Data shown →

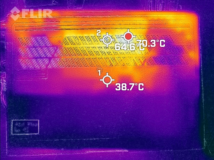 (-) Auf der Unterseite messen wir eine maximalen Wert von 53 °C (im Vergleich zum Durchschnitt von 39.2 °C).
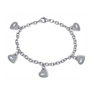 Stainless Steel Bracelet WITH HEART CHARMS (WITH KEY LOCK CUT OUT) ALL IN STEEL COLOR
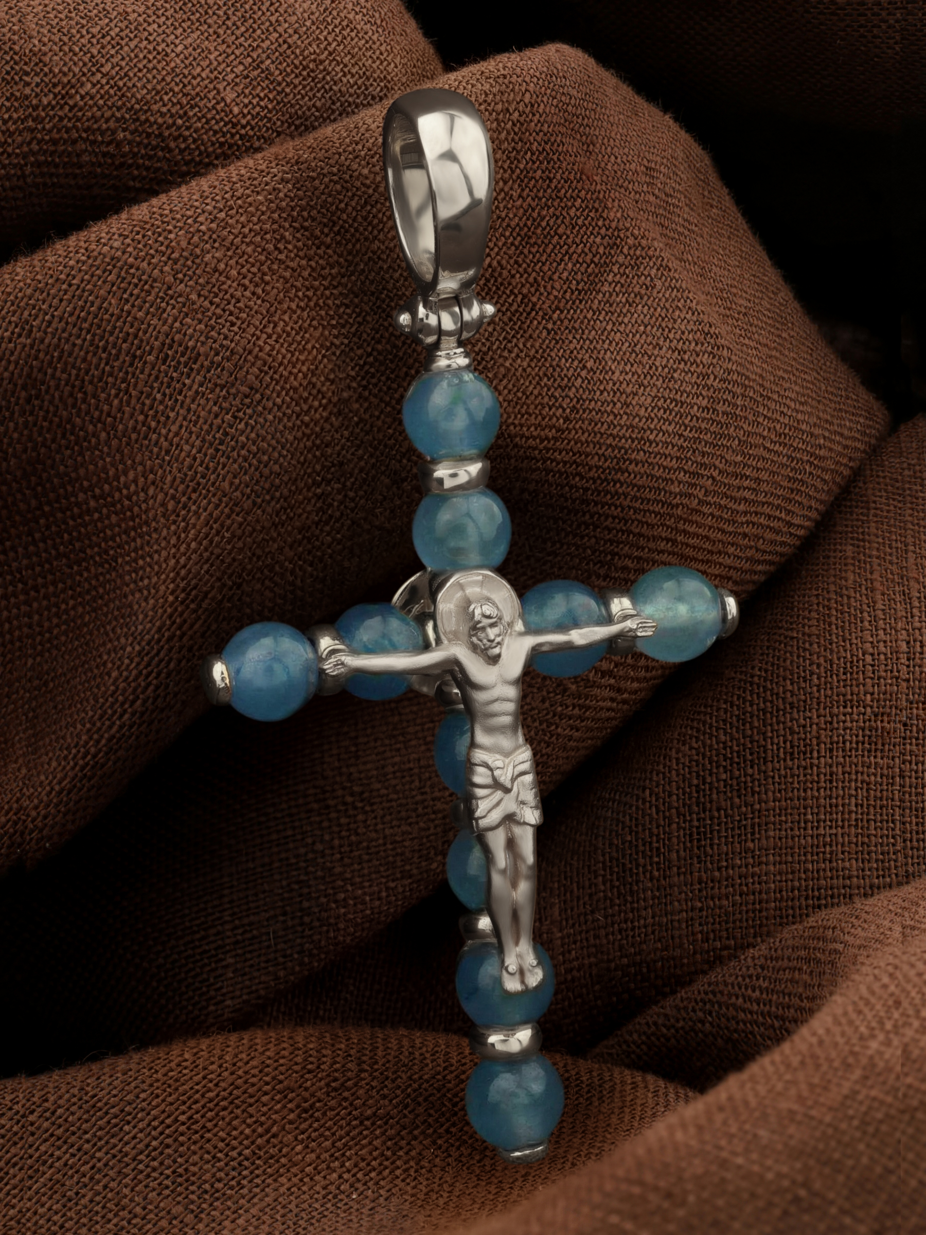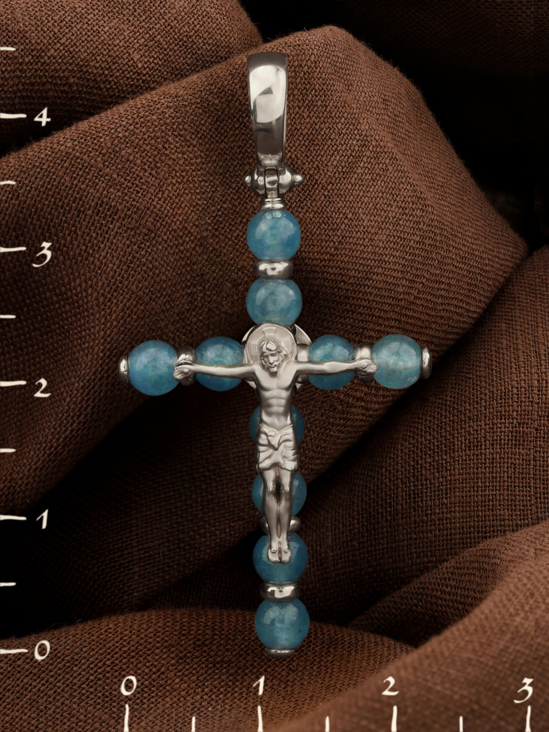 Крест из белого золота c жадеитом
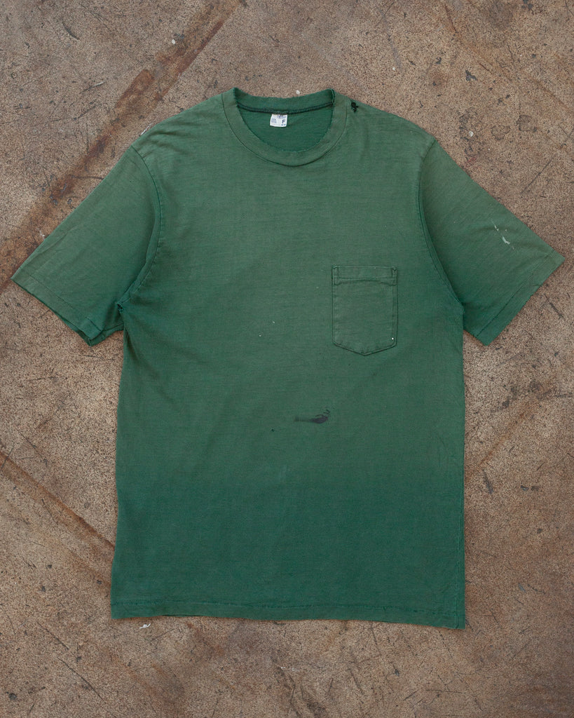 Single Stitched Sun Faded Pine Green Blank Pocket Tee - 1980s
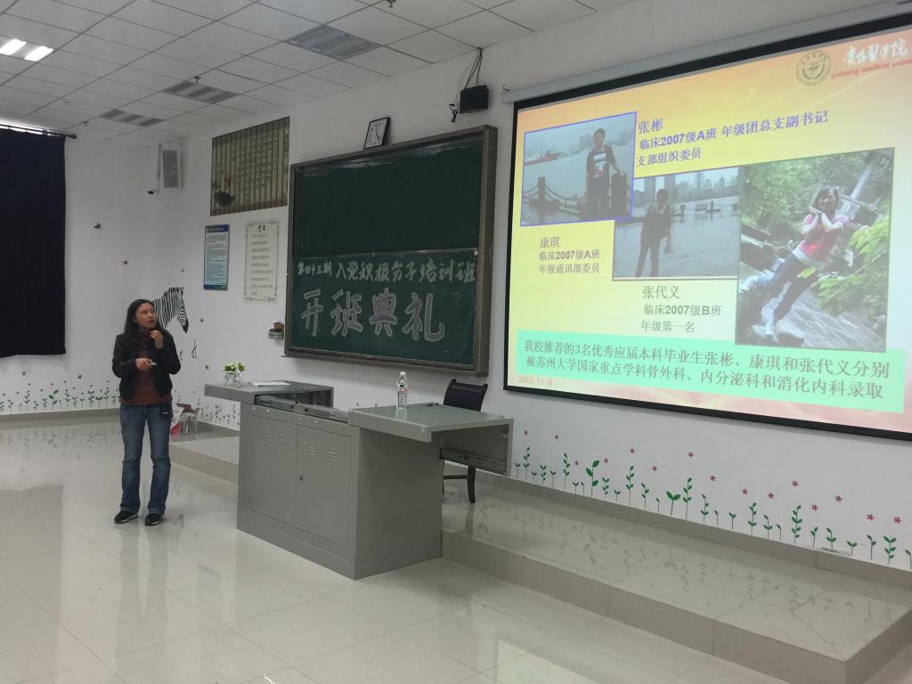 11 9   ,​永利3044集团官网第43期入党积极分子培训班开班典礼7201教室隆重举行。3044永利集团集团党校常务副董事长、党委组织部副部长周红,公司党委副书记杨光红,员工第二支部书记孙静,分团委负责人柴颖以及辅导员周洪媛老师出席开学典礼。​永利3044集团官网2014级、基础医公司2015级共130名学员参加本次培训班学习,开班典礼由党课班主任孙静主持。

Required work → Omitting the pictures, write out the material above exactly as it stands.

Response to the exercise →
 (-) Auf der Unterseite messen wir eine maximalen Wert von 53 °C (im Vergleich zum Durchschnitt von 39.2 °C).
 Stainless Steel Bracelet WITH HEART CHARMS (WITH KEY LOCK CUT OUT) ALL IN STEEL COLOR
 Крест из белого золота c жадеитом
 Single Stitched Sun Faded Pine Green Blank Pocket Tee - 1980s
 11 9   ,​永利3044集团官网第43期入党积极分子培训班开班典礼7201教室隆重举行。3044永利集团集团党校常务副董事长、党委组织部副部长周红,公司党委副书记杨光红,员工第二支部书记孙静,分团委负责人柴颖以及辅导员周洪媛老师出席开学典礼。​永利3044集团官网2014级、基础医公司2015级共130名学员参加本次培训班学习,开班典礼由党课班主任孙静主持。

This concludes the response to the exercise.